Here are some quotes from him:
“Nothing ever happens in the world that does not happen first inside human hearts.”
“Criticism of others is thus an oblique form of self-commendation. We think we make the picture hang straight on our wall by telling our neighbors that all his pictures are crooked.”
“We know nothing about the inside of our neighbor’s heart, and hence, we refuse to forgive. Jesus knew the heart inside out, and because He did know, He forgave.”
“Unbelievers see us in shops, in theatres, at meetings. Whether they see Christ in us depends on whether we act like Christ.”
“God accepts only what His Spirit inspires. We must bring back to God what He has given.”
“Broadmindedness, when it means indifference to right and wrong, eventually ends in a hatred of what is right.”
“The poison of hate, sensuality, and envy which is in the hearts of men could not be healed simply by wise exhortations and social reforms.” (Our inner healing and transformation requires surrender to the risen Jesus who Sheen called “Our Blessed Lord.)
“The method of adjusting moral principles to the way men live is just a perversion of the order of things.”
“The modern world, which denies personal guilt and admits only social crimes, has no place for personal repentance but only public reforms.”
“Moral principles do not depend on a majority vote. Wrong is wrong, even if everybody is wrong. Right is right, even if nobody is right.”
“There has been no single influence which has done more to prevent man from finding God and rebuilding his character, has done more to lower the moral tone of society than the denial of personal guilt. This repudiation of man’s personal responsibility for his action is falsely justified in two ways: by assuming that man is only an animal and by giving a sense of guilt the tag “morbid.”
“Unhappy souls almost always blame everyone but themselves for their miseries.”
“The world blesses not the meek, but the vindictive; it praises not the one who turns the other cheek, but the one who renders evil for evil; it exalts not the humble, but the aggressive. Ideological forces have carried that spirit of violence, class-struggle, and the clenched fist to an extreme the like of which the world before has never seen.”
“If you do not worship God, you worship something, and nine times out of ten it will be yourself.”
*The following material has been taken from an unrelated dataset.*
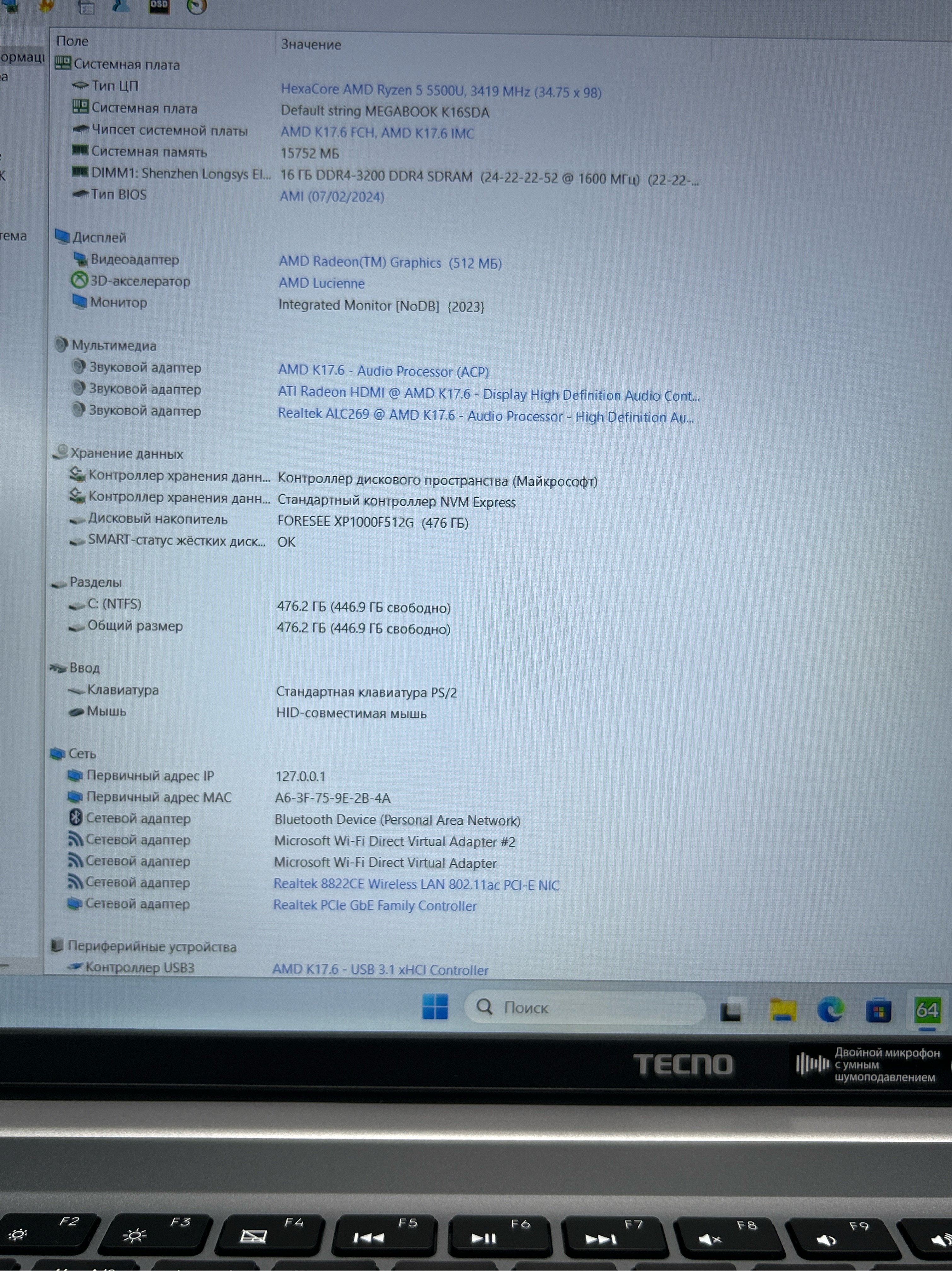 Ноутбук Tecno MegaBook K16SDA 16"/AMD Ryzen 5 5500U/RAM 16GB/SSD 512GB/AMD Radeon Graphics/1920x1080/IPS/Windows 11/Подсветка - кл:нет/Cерый космос. Состояние: B1
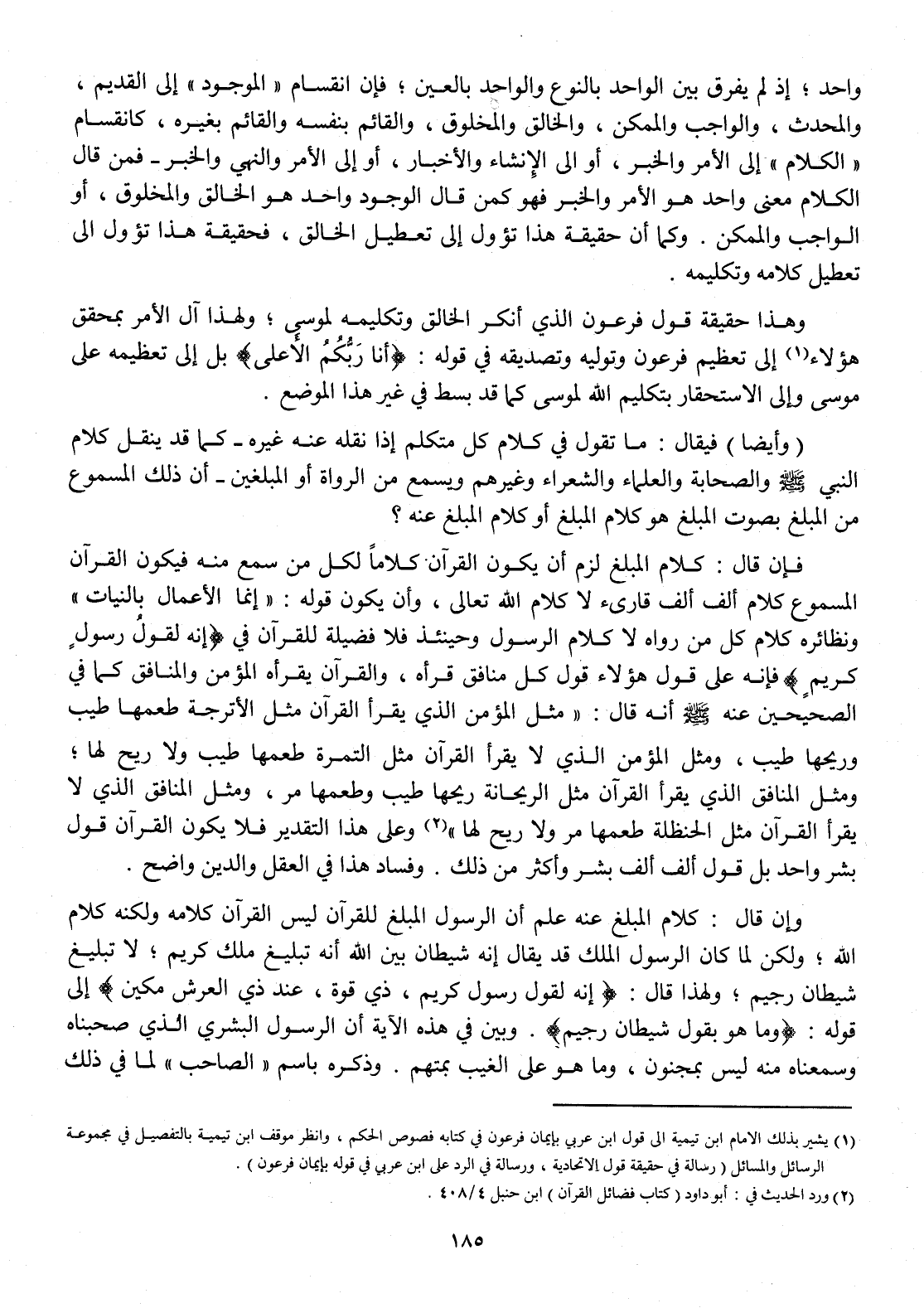 فَإِن قَالَ كَلَام الْمبلغ لزم أَن يكون الْقُرْآن كلَاما لكل من سمع مِنْهُ فَيكون الْقُرْآن المسموع كَلَام ألف ألف قارىء لَا كَلَام الله تَعَالَى وَأَن يكون قَوْله إِنَّمَا الْأَعْمَال بِالنِّيَّاتِ ونظائره كَلَام كل من رَوَاهُ لَا كَلَام الرَّسُول وَحِينَئِذٍ فَلَا فَضِيلَة لِلْقُرْآنِ {إِنَّه لقَوْل رَسُول كريم} فَإِنَّهُ على قَول هَؤُلَاءِ قَول كل مُنَافِق قَرَأَهُ وَالْقُرْآن يقرأه الْمُؤمن وَالْمُنَافِق كَمَا فِي الصَّحِيحَيْنِ عَنهُ صلى الله عَلَيْهِ وَسلم أَنه قَالَ مثل الْمُؤمن الَّذِي يقْرَأ الْقُرْآن مثل الأترجة طعمها طيب وريحها طيب وَمثل الْمُؤمن الَّذِي لَا يقْرَأ الْقُرْآن مثل التمرة طعمها طيب وَلَا ريح لَهَا وَمثل الْمُنَافِق الَّذِي يقْرَأ الْقُرْآن مثل الريحانة رِيحهَا طيب وطعمها مر وَمثل الْمُنَافِق الَّذِي لَا يقْرَأ الْقُرْآن مثل الحنظلة طعمها مر وَلَا ريح لَهَا وعَلى هَذَا التَّقْدِير فَلَا يكون الْقُرْآن قَول بشر وَاحِد بل قَول ألف ألف بشر وَأكْثر من ذَلِك وَفَسَاد هَذَا فِي الْعقل وَالدّين وَاضح

“Sometimes the only way the good Lord can get into some hearts is to break them.”
“We live in days of assassins—where evil is sought in lives more than good to justify a world with a bad conscience.”
“Politics has become so all-possessive of life, that by impertinence it thinks the only philosophy a person can hold is the right or the left. This question puts out all the lights of religion so they can call all the cats gray. It assumes that man lives on a purely horizontal plane, and can move only to the right or the left. Had we eyes less material, we would see that there are two other directions where a man with a soul may look: the vertical directions of ‘up’ or ‘down.’”
“The nearer Christ comes to a heart, the more it becomes conscious of its guilt; it will then either ask for His mercy and find peace, or else it will turn against Him because it is not yet ready to give up its sinfulness.”